8 March, 2021
Irish Research Council special award winners at the 2019 BT Young Scientist & Technology Exhibition
Posted: 18 February, 2019
We have asked Kate Bagnall and Bobbi Beattie, students at The King’s Hospital School in Dublin, to contribute a piece discussing their recent Irish Research Council award at the 2019 BT Young Scientist & Technology Exhibition. Their project was entitled ‘Using statistics to investigate changing use of language in Irish Primary students’ writing after 80 Years’.
Our idea for this project came from folklore stories written in 1937 by Kate’s great grand-aunt, Julia Clancy. These stories became available online on Dúchas.ie, a project to digitise the Irish National Folklore Collection. The language and words we use tell us a lot about our society, our social interactions and what is important in our lives. As time goes on and the population changes, so do the components of language. We set out to use maths and statistics to look for patterns and word usage in the writings of primary school children in the late 1930s and compare them to the data in similar pieces of writing we have collected from schoolchildren in the same geographical location (Kentstown, Co. Meath) in 2018.
We put a lot of work into researching our project. We transcribed over 180 pages of folklore texts from Dúchas and learned a great deal by reading many articles. We searched for interesting patterns in the words used, and not used, by past and present pupils. For instance, we discovered that people tend to write about their own gender and that many natural words, such as magpie and acorn, have been removed from the Junior Oxford Dictionary. We used this research to help us analyse and display our own data.
There are immense benefits of independent research for students in Ireland. Carrying out such research can help students find out more about the social history of Ireland which leads to a deeper understanding of Irish literature, culture and customs. Independent research means we can explore more than the topics we need to study for our exams and more of the subjects that interest us.
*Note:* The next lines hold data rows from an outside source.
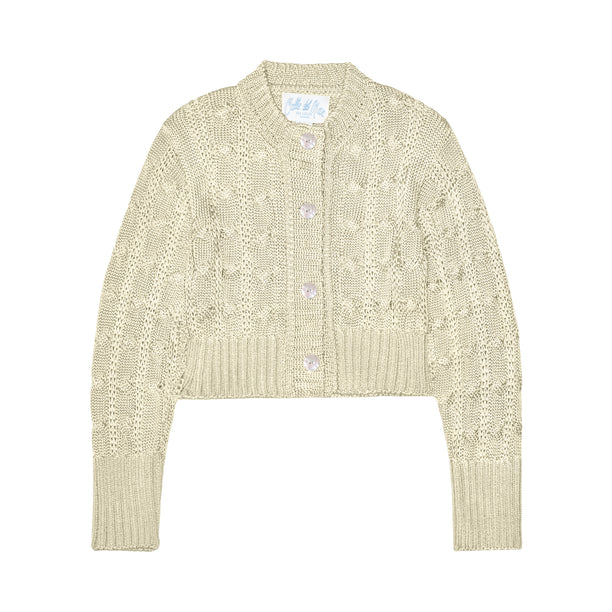 Introducing our Chunky Cable Cardigan, crafted from our signature viscose yarn in a classic cable stitch. Carefully twisted to form a luxurious 4-ply texture, this cardigan boasts a silky, voluminous shape. Complete with our iridescent shell buttons, it's designed with a flattering cropped fit. Elevate your wardrobe with this chic and stylish piece.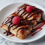 Delight in these decadent Chocolate Fudge Pop Tarts topped with a tangy raspberry glaze. Featuring a rich cocoa-infused pastry filled with a luscious chocolate fudge, this homemade treat combines flaky, buttery crust with a smooth, creamy center. Finished with a sweet and tart raspberry drizzle and optional festive toppings, these pop tarts are perfect for breakfast or an indulgent snack.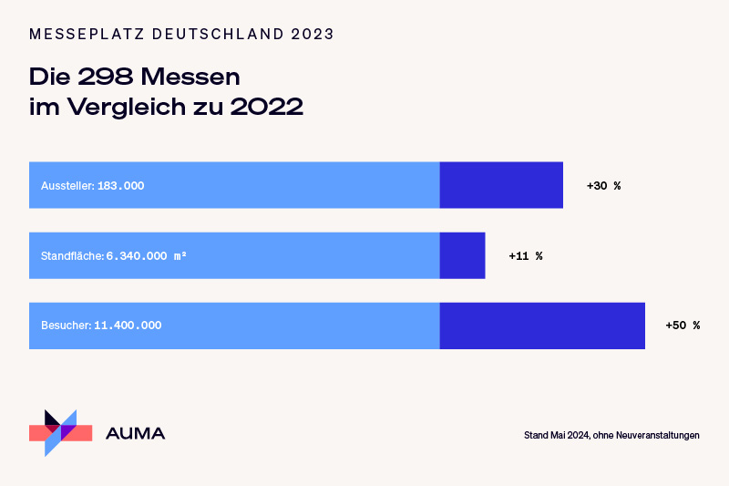Rund 183.000 Unternehmen stellten 2023 auf den rund 70 Messeplätzen in Deutschland aus. Das ergibt ein Plus von 30 Prozent gegenüber 2022. Alle Messen zogen rund 11,4 Millionen Besucherinnen und Besucher an, über 3,8 Millionen (+ 50 Prozent) mehr als 2022. Die Standfläche stieg von 5,7 auf 6,34 Millionen Quadratmeter (+ elf Prozent).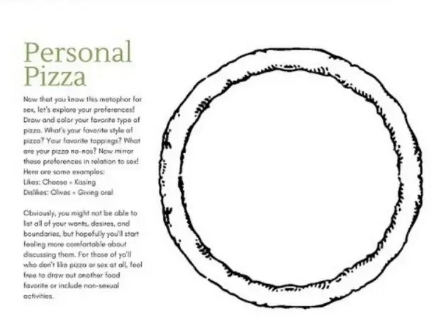 "For those of y'all that don't like pizza or sex at all, feel free to draw out another food favourite or include non-sexual activities."
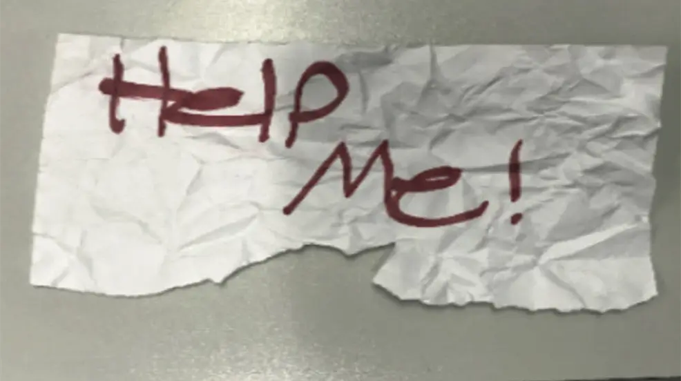 A través de su investigación, los agentes supieron que los buenos samaritanos se encontraban en un estacionamiento cuando vieron a la víctima en un vehículo estacionado sosteniendo un trozo de papel con la palabra “ayúdame” escrita en él. Reconocieron la nota y llamaron inmediatamente al 911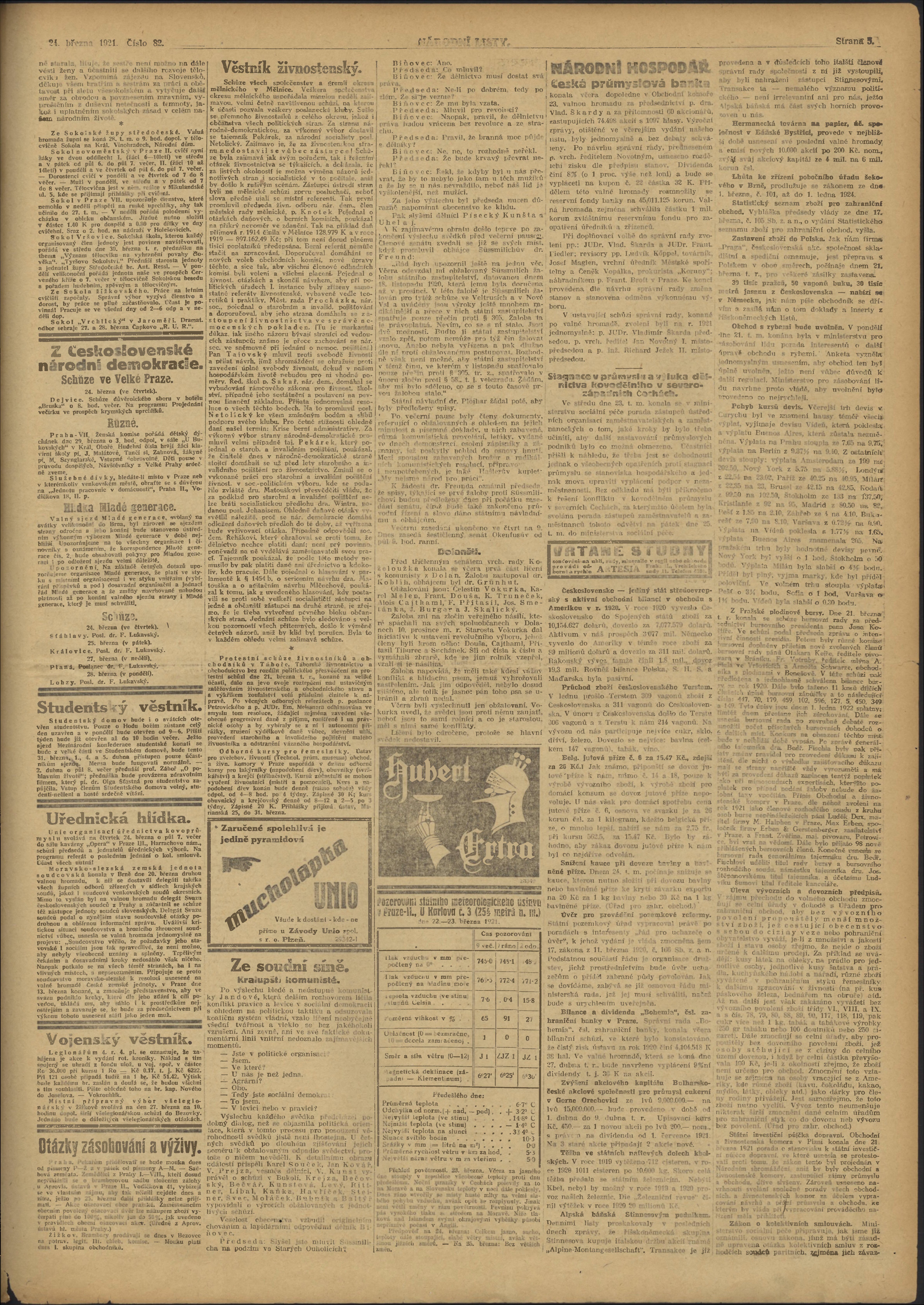 * Datum vydání výtisku: 24.3.1921 Číslo výtisku: 82 Poznámky k výtisku: ranní vydání;

It was an incredible feeling to be awarded the Irish Research Council award. It meant that our hard work and research were recognised. We really enjoyed the BT Young Scientist & Technology Exhibition and the opportunity to meet all the scientists who attended. In the future, we would like to go to university and continue to research interesting topics.
Disclaimer: The opinions expressed in our guest blogs are the author’s own, and do not reflect the opinions of the Irish Research Council or any employee thereof.